About this exercise
With pictures left out, write out exactly every line from the start of the data through the one that contains "Edytor tapety: Ośnieżone".

Items from a data source
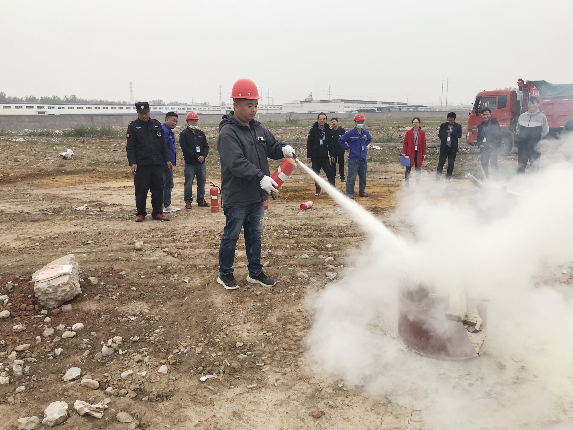 上午10點,總指揮許應濤宣布消防應急演練正式開始。本次演練預設二期提標改造施工場地某處發現火災險情,公司隨即啟動火災搶險應急處置預案。應急小組成員扛起滅火器以迅雷不及掩耳之勢奔赴火情處,面對熊熊燃燒的大火、滾滾升起的濃煙,應急小組成員沉著冷靜,從容應對,在距離火源1米的上風口處,熟練地按照滅火的步驟和方法,成功將柴油燃起的濃煙大火撲滅。隨后,公司組織部分員工現場體驗滅火器滅火的過程,切實提高員工面臨火災的應急自救能力。最后,總指揮許應濤對此次演練過程中的不足之處進行了總結點評。
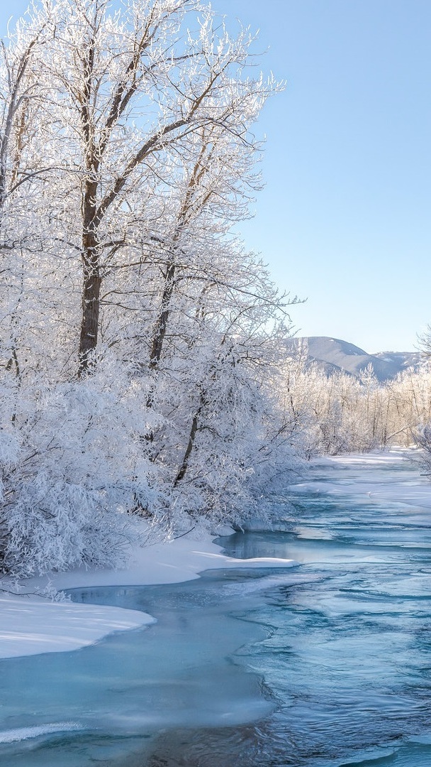 Edytor tapety: Ośnieżone drzewa na brzegu rzeki
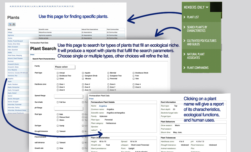 Start here if you are interested in learning about an individual plant: its niche, its allies (pollinators, dispersers, and soil organisms), its natural associates and its cultivated polycultures and guilds. You can enter a partial plant name or scientific name to begin the search.
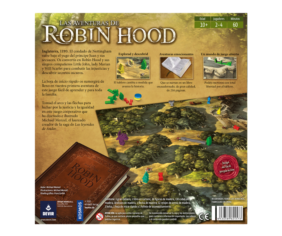 Las aventuras de Robin Hood es un juego de mesa en el que viviremos de primera mano las andanzas de este bondadoso ladrón de ricos y de sus amigos, explorando el bosque de Sherwood y la ciudad de Nottingham para resolver los múltiples desafíos que el libro de aventuras nos va a deparar.
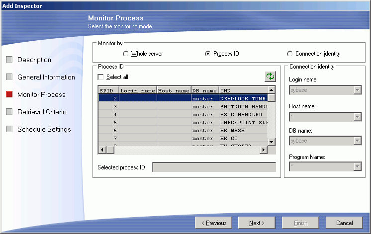 Monitor all SQL statements currently running which have the specified process ID (spid). The Process ID grid displays information about all current users and processes of the database server, displaying the process ID (spid), login name, server name, database name and the command type currently executing. Click the row of the grid to select the process ID you want to monitor. To select all the process IDs, click the Select all checkbox. | |
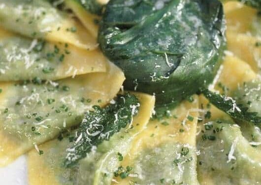 Fate fondere il burro in una padella. Scolate bene i ravioli e saltateli nella padella con il burro fuso e serviteli con il parmigiano grattugiato. Ornate con erba cipollina
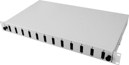 Produktinformationen "Tecline 91612 LWL Spleißbox, unbestückt, 12-fach SC Duplex Frontblende, 19", ausziehbar, hellgrau RAL 7035"

Written answer
 上午10點,總指揮許應濤宣布消防應急演練正式開始。本次演練預設二期提標改造施工場地某處發現火災險情,公司隨即啟動火災搶險應急處置預案。應急小組成員扛起滅火器以迅雷不及掩耳之勢奔赴火情處,面對熊熊燃燒的大火、滾滾升起的濃煙,應急小組成員沉著冷靜,從容應對,在距離火源1米的上風口處,熟練地按照滅火的步驟和方法,成功將柴油燃起的濃煙大火撲滅。隨后,公司組織部分員工現場體驗滅火器滅火的過程,切實提高員工面臨火災的應急自救能力。最后,總指揮許應濤對此次演練過程中的不足之處進行了總結點評。
 Edytor tapety: Ośnieżone drzewa na brzegu rzeki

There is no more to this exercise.